Today, Tabular data is used everywhere to deliver meaningful insights into business and engineering problems. A common way of extracting these insights is to apply Machine Learning (ML) techniques to the data. A normal ML pipeline consists of numerous steps, which can include pre-processing data, feature engineering, or optimising model hyper-parameters (to name a few). Additionally, one needs to have expert domain knowledge of ML in order to be efficient and effective at each of these steps, and it can take time for organisations to find these ML experts or grow this expertise in-house.

To save organisations both time and money, Google’s Vertex AI platform is the perfect solution. Vertex AI enables developers with limited machine learning knowledge and expertise to train, test, and deploy high-quality ML models suited to their business needs. Vertex AI combines data engineering, data science, and ML engineering workflows, enabling your teams to collaborate using a common toolset.
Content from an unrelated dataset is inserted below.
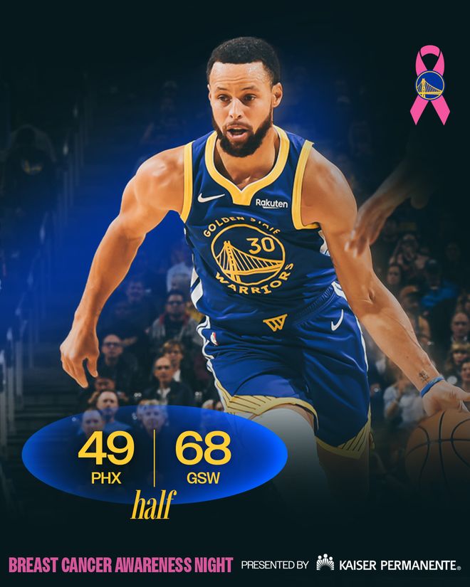勇士隊的穆迪上半場得到13分,庫里得到12分,希爾德得到11分;太陽隊的布克得到17分。

Before progressing further into this tutorial, ensure that you have access to a GCP project where you can create the Vertex AI resource and that you have enabled the required Application Programming Interfaces (APIs).

How Vertex AI works

Vertex AI involves supervised learning tasks to achieve a desired outcome. The specifics of the algorithm and training methods change based on the data type and use case. There are many different subcategories of machine learning, all of which solve different problems and work within different constraints. Vertex AI offers the ability to automatically train models on visual (image and video), textual, and structured data.

Vertex AI workflow

Vertex AI uses a standard machine learning workflow:

  1. Gather your data: Determine the data you need for training and testing your model based on the outcome you want to achieve.
  2. Prepare your data: Make sure your data is properly formatted and labelled.
  3. Creating dataset: Import the data for use by the ML model.
  4. Train: Set parameters and build your model.
  5. Evaluate: Review model metrics.
  6. Deploy and predict: Make your model available to use.

Before starting the workflow, you need to think about the problem that you want to solve. This will inform your data requirements.

Assessing use case

This step involves addressing what you want to achieve and your desired outcome. For this tutorial, we will be doing regression, which involves predicting a continuous value.

Gathering data

After establishing your use case, you can set about gathering your data — a process that can be carried out in a number of different ways. For this tutorial, we are using California Housing Prices dataset, which has been downloaded from Kaggle. Whilst gathering your data, it is important that you keep the following things in mind:

  1. Selecting relevant features: A feature is an input attribute used for model training. Features are how your model identifies patterns to make predictions, so they need to be relevant to your problem. For example, to build a model that predicts whether a credit card transaction is fraudulent or not, you’ll need to build a dataset that contains transaction details like the buyer, seller, amount, date and time, and items purchased. Other helpful features might include historic information about the buyer and seller, and how often the item purchased has been involved in fraud.
  2. Include enough data: In general, the more training examples you have, the better your outcome. The amount of example data required also scales with the complexity of the problem you’re trying to solve.

Preparing data

Preparing data is all about processing your data in order to be fed into the ML model. Some common processing steps include filling in missing values, data normalisation, data standardisation, and so forth. For this tutorial, the data is already prepared in order to be fed into the ML model.

Creating a dataset

Importing a dataset can be done through the Google Cloud Platform (GCP) console.

First, navigate to the Vertex AI section in the console.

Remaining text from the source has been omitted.